I was pleased to encounter Adrian Kingsley-Hughes’ blog posting this evening, “The Slow Demise of the Printer.” Of course many of my readers could read into the title in two ways: an acknowledgement of my frequently noted difficulties at printing companies, or as a note on the decline in the use of desktop printers. You’ll realize from the title of this blog that he means the latter.

This is a topic that I’ve been following for a decade or more. The champions of paper and printing argued early that the Internet and the web actually were accelerating the consumption of both, as most people were not comfortable with reading long documents on yesterday’s generation of CRT screens. It was true. CRT screens did tend to weary the eyes after hours of viewing, and, at the same time, a lot of very long documents were published, whether as Microsoft Word docs or PDFs. Much easier to print them out and read them at your leisure, perhaps during business travel, back in the days when that was not a complete horror show.

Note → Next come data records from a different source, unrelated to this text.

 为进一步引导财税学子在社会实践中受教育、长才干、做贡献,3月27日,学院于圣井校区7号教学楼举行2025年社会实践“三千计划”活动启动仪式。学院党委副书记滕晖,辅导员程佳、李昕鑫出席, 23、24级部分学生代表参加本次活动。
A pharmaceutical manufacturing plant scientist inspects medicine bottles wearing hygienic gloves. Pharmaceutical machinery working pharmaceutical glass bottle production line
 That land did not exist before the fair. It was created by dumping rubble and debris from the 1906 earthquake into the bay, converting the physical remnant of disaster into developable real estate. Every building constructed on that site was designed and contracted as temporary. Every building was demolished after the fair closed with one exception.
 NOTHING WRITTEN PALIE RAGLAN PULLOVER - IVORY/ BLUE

As recently as 2006, an article in Toronto’s Globe & Mail proudly stated, “It’s official: The paperless office, predicted for more than 30 years, hasn’t happened. Less paper? Today’s offices use more. Paper use at home is skyrocketing too, and printer sales are way up. It wasn’t supposed to be this way.” Yet by that December, The Christian Science Monitor was reporting that “…after decades of hype, American offices may finally be losing their paper obsession. The demand for paper used to outstrip the growth of the US economy, but the past two or three years have seen a marked slowdown in sales — despite a healthy economic scene.” More recent reports indicate that the demand for laser printer paper is now declining.

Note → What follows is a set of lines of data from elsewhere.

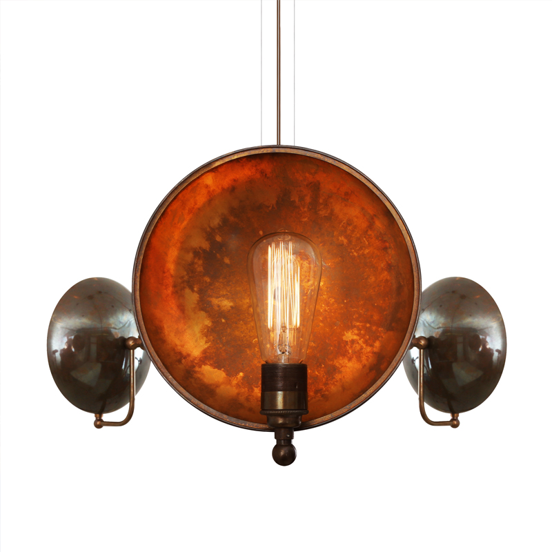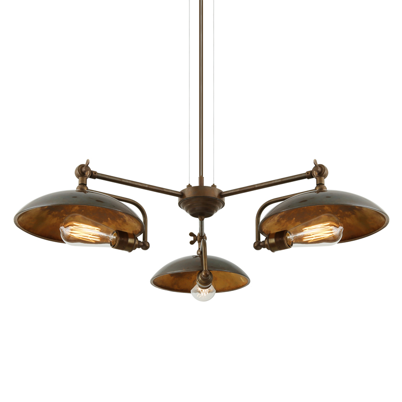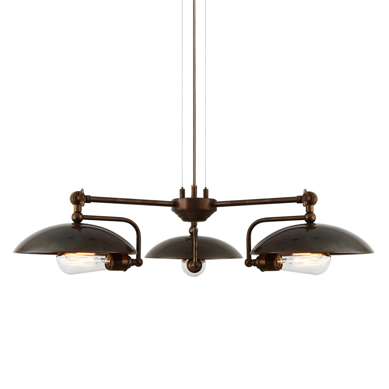 Product Code: 6MMLF210ANTBRS Light source: 3 x E27 60W (Max) | Not Incl. Materials: Brass Dimensions: Ø 660-710mm x H 190-280mm | 1000mm Cable Suspension Brand: Mullan Emanating warmth through its shadowed patinated back plate, the industrial Chulainn chandelier embodies the richness of the brass work. The reflection from the back plate engages the eye, while the individually adjustable shades can create unique lighting experiences. Available in various metal finishes. Also available in other sizes (pricing varies). Longer chain lengths on request (pricing varies). Rated IP20 suitable for indoor use. Dimmable with dimmable globes. Designed by Mullan and made in Ireland. For trade enquiries, please contact us below. |
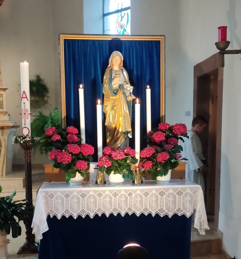 Ein schönes rundes Jubiläum konnten wir in diesem Jahr in Bliesdalheim feiern. Die Lourdes-Grotte wurde 100 Jahre alt. Ein Nachweis findet sich im Buch "Die Geschichte der Bliesdalheimer Kirchen und Schulen", in dem der Arbeits- und Förderverein für Bliesdalheimer Dorfgeschichte e.V. die Einträge im Pfarrgedenkbuch der Katholischen Pfarrei Bliesdalheim aufgearbeitet hat. Danach wurde die Grotte am 1. Sonntag im Mai 1923 geweiht. Dieses Jahr am 6. Mai jährte sich das Ereignis zum 100.Mal. Da das Weihedatum auf einen Samstag fiel, feierten wir das Jubiläum in der Vorabendmesse in der Bliesdalheimer Kirche mit Statio an der Grotte. Blumenfrau Christine Rabung hatte mit viel Liebe die Lourdes-Grotte geschmückt, sodass sie in besonderem Glanz erstrahlte. Auch der Maialtar in der Kirche ist immer ein absoluter "Hingucker" für die Kirchenbesucher/innen im Marienmonat Mai. Vielen herzlichen Dank für den schönen Blumenschmuck zu Ehren der Mutter Gottes!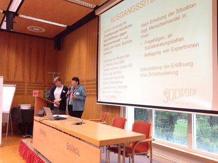 Sr. Anna Mayrhofer, Franziskanerin Missionarin Mariens sowie Leiterin einer Schutzwohnung, und Sr. Susanne Krendelsberger, Generalleiterin der Caritas Socialis, stellen gemeinsam das Engagement des Vereins SOLWODI vor.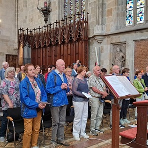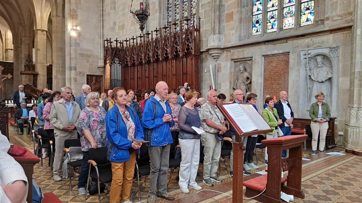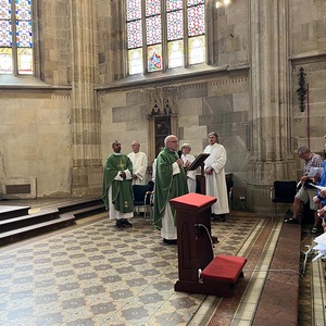 Um 10.00 Uhr feierten Dechant Shinto und Pfarrer Mück mit dem Pfarrverband einen feierlichen Gottesdienst im Martinsdom von Bratislava, welcher von Christa Reiner und mehreren Sängerinnen musikalisch gestaltet wurde. Nach einer Domführung startete – in 3 Gruppen – der erste Teil der Stadtführung. Besichtigt wurden u. a. die Venturgasse, die Michaelergasse mit dem Michaelertor, der Hauptplatz mit dem Alten Rathaus und dem Maximilianbrunnen sowie die Alte Oper. Ein Höhepunkt war die Außen- und Innenbesichtigung des Primatialpalastes.

Several things have changed (besides the horror of business travel). LCD screens have significantly higher resolution that CRTs, and the evolution of video cards allows us many more controls to set those screens to a suitable brightness/contrast setting for comfortable reading (of course most people don’t bother with the adjustments, but they’re there). Digital typography continues to improve  through the efforts of Adobe, Microsoft and some of their smaller competitors.

At the same time the web has trained most of us on the art of “skimming.” Yes some documents, books and other printable materials must be read careful, even repeatedly. But the bulk is dross, and if you can make it through the executive summary, you’ve probably aced the comprehension challenge for that piece of malarkey.

I saw early on that for me at least there was far too much interesting information I could access from the web to justify printing it all out and never getting around to reading it. So instead I create PDFs of stories that I think are interesting to me or readers of this blog, and file them carefully. They’re availabe to me through my filing system, but never in my face.

Works just fine.

I occasionally print out longer articles to read while travelling, but just as often copy them to my small laptop to read on-board, on-screen. Also workable.

I do not believe that the future of publishing will include more printed output. The changing landscape is just not tending that way.

Is it different for you?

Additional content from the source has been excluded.